Kreis lobt die Rückkehrer: „Sie sind eine Bereicherung für die Mannschaft“
Kühnhackl, 32, Sohn von „Jahrhundertspieler“ Erich Kühnhackl, ist in seiner Heimatstadt viel beschäftigt als Spieler und als Botschafter. Der Deutsche Eishockey-Bund (DEB) will beim wichtigsten Turnier hierzulande neue Publikumskreise erschließen. Das geht über den direkten Publikumskontakt und über PR. So sind erstmals Kameras in der Kabine erlaubt und zeigen etwa die Ansprachen des Bundestrainers an sein Team. „Wir wollen uns weiter öffnen, und das ist eine zeitgemäße Art“, sagt Christian Künast. Der DEB-Sportdirektor hat den Deutschland Cup als „Schaufenster“ bezeichnet, ein Fenster, das einen Blick zulässt von außen nach innen – aber auch einen Blick aus dem Inneren der Kabine in die sportliche Zukunft. Und so muss auch der zweimalige NHL-Champion Kühnhackl in Landshut vorspielen. Weil Bundestrainer Harold Kreis, wie er sagte, Kühnhackl „noch nie in der Kabine erlebt“ hat. Um im Bild zu bleiben: Der Schaufensterdekorateur Kreis will wissen, wer ins Gesamtbild passt.

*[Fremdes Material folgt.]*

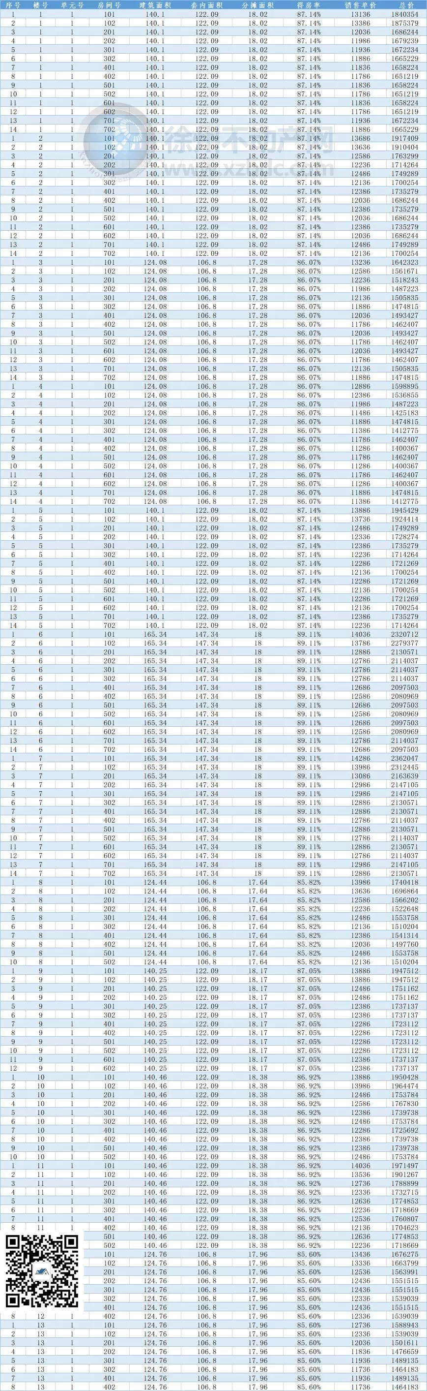 目前正在认筹中,认筹金额5万元,均价12500元/㎡。 价格公示如下: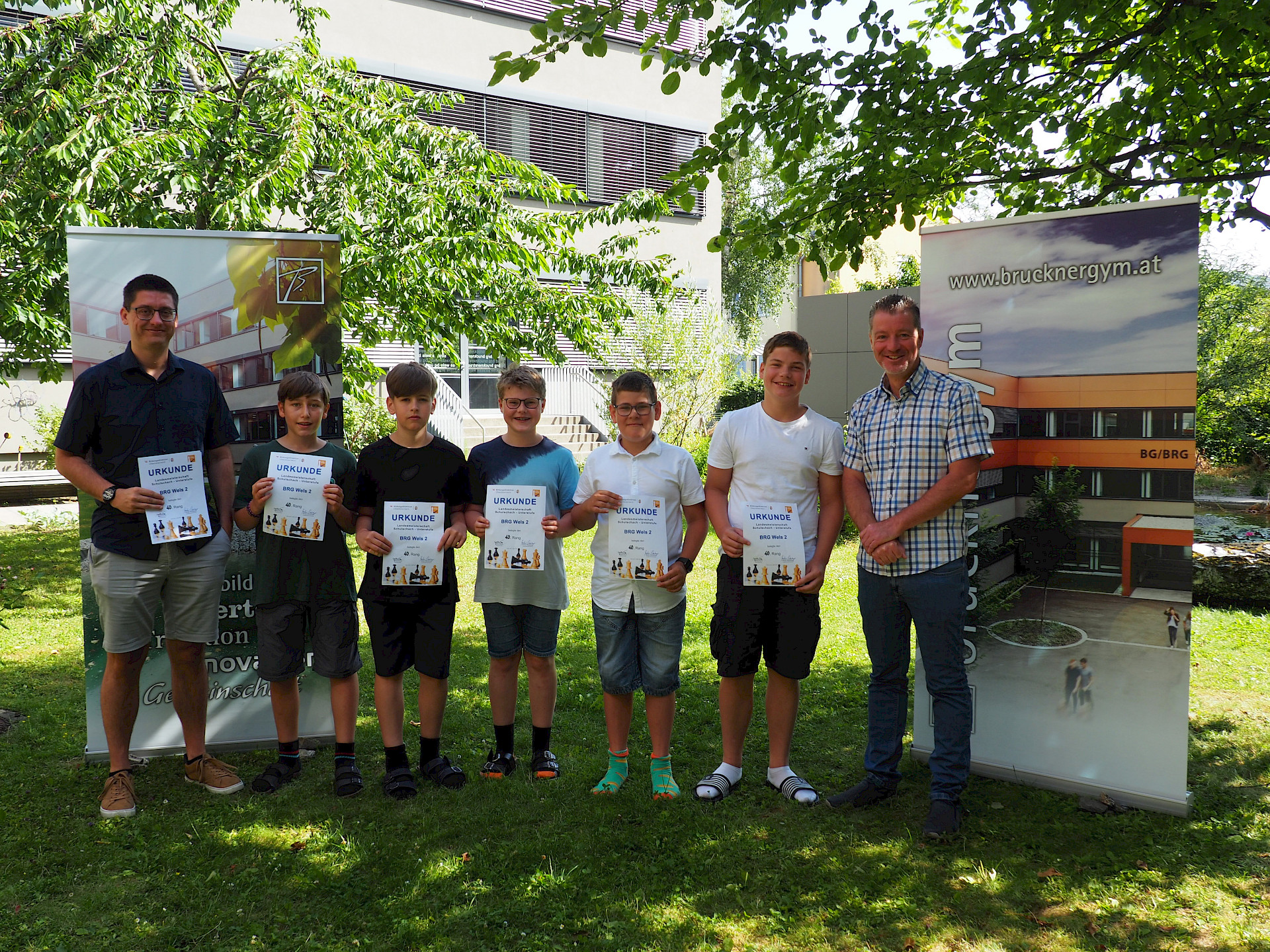 Das Team BG/BRG Brucknerstraße Wels 2, bestehend aus Thomas Wiesinger (2E), Maximilian Spitzer (2E), Marin Jukicic (3B), Clemens Schürz (1B) und Jan Stelzhammer (1B), belegte den 40. Platz. Für die meisten war es die erste Teilnahme an einem großen Turnier, und alle sammelten wertvolle Erfahrungen. Jede*r Spieler*in steuerte wichtige Punkte zur Endplatzierung bei und zeigte tolle Partien. Insgesamt erreichte das Team 11 von 28 Punkten.

Kühnhackl findet es „ganz normal, dass man sich neu präsentieren muss, wenn ein neuer Trainer kommt“. Der Stürmer hat dem DEB-Team mit seinem Siegtreffer in der Qualifikation gegen Lettland einst den Weg zur Silbermedaille 2018 geebnet. Er selbst war in Pyeongchang nicht dabei, weil die NHL ihre Profis damals nicht für das olympische Turnier freistellte, 2022 konnte er, mittlerweile in Schweden angestellt, zwar teilnehmen, aber das Turnier in Peking, Corona, Aus vor dem Viertelfinale … ach, Schwamm drüber. „Wir hatten nicht wirklich das volle Erlebnis 2022“, sagte Kühnhackl. Deshalb will der Profi, seit 2023 in Mannheim unter Vertrag, 2026 unbedingt noch einmal dabei sein, wenn erstmals seit 2014 auch die NHL-Spieler wieder an Olympischen Spielen teilnehmen dürfen. Darum tut er in Landshut alles, worum er gebeten wird. Und das kommt an.

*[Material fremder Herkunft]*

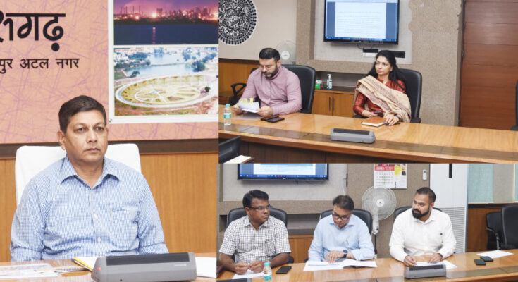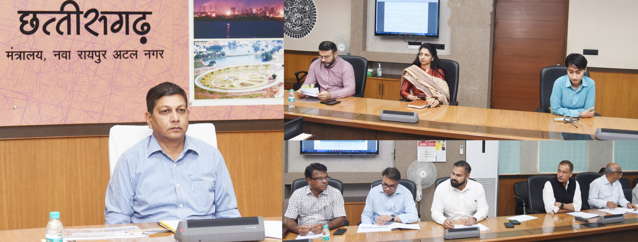 A meeting of the Empowered Group of Secretaries under the Pradhan Mantri Gati Shakti Yojana was held at Mantralaya (Mahanadi Bhawan) under the chairmanship of Chief Secretary Mr. Amitabh Jain. In the meeting, there was a detailed discussion on various issues to be included in the State Master Plan of Chhattisgarh under the scheme. The progress of geo-referencing of land records was reviewed in the meeting. In order to bring progress in the geo-referencing work of land records, the officers of the Revenue, Information and Technology and Finance Departments have been directed to prepare a time-bound action plan and complete the work soon. Similarly, the progress of Data Center, Approaching Road, Food Park, Industrial Area and Warehouse was reviewed under Financial Assistance Part-2 under Pradhan Mantri Gati Shakti Yojana. In the meeting, officials of Women and Child Development Department, Higher Education, Technical Education, Agriculture, Horticulture, Energy, Sports and Youth Welfare and Commerce and Industry and other departments informed about uploading GIS data of their department in Gati Shakti portal. In the meeting organized through video conferencing, Mr. Manoj Kumar Pingua, Principal Secretary, Industries and Commerce Department, Dr. Kamalpreet Singh, Secretary, Agriculture Department, Mr. NN Ekka, Secretary, Revenue Department, Mr. Saransh Mitter, Managing Director of Chhattisgarh Industries Development Corporation, Women and Child Development Secretary Mr. Bhuvnesh Yadav, Special Secretary of Finance Department Mrs. Sheetal Shashwat Verma along with officers of Information Technology, Railways, Airport Authority and other departments participated.

Zwar hat Kreis, der beim Deutschland Cup auf die meisten Akteure der drei deutschen Champions-League-Klubs verzichtet, gerade in der Offensive die Qual der Wahl. Allein aus der NHL werden 2026 wohl fünf Profis zum Kader stoßen, darunter Weltklassestürmer Leon Draisaitl und die aufgehenden Sterne Tim Stützle und JJ Peterka. Aber Routine kann nie schaden, das zeigte das 5:6 (4:3, 1:1, 0:1) nach Penaltyschießen am Donnerstag zum Turnierauftakt gegen Dänemark. Kreis lobte Kühnhackl, der in Unterzahl zum 5:4-Führungstreffer für Stefan Loibl auflegte, und den zweiten Rückkehrer Patrick Hager, 36, dem bei seiner Rückkehr ein Tor gelang: „Sie machen wenig Fehler, sind selten aus der Position.“ Beide seinen „eine Bereicherung für die Mannschaft“, die insgesamt „ein bisschen übereifrig“ gewesen sei.
Kühnhackl musste darüber schmunzeln. Ein „so chaotisches Drittel“ wie das erste mit gleich sieben Toren, darunter ein kurioses Eigentor zum 0:1, habe er „lange nicht mehr erlebt“. Gegen die Slowakei (Samstag, 18 Uhr) und Österreich (Sonntag, 15 Uhr/beide live bei Magentasport) gebe es jedenfalls Luft nach oben. Aber auch Kühnhackl weiß: Nach oben wird die Luft immer dünner.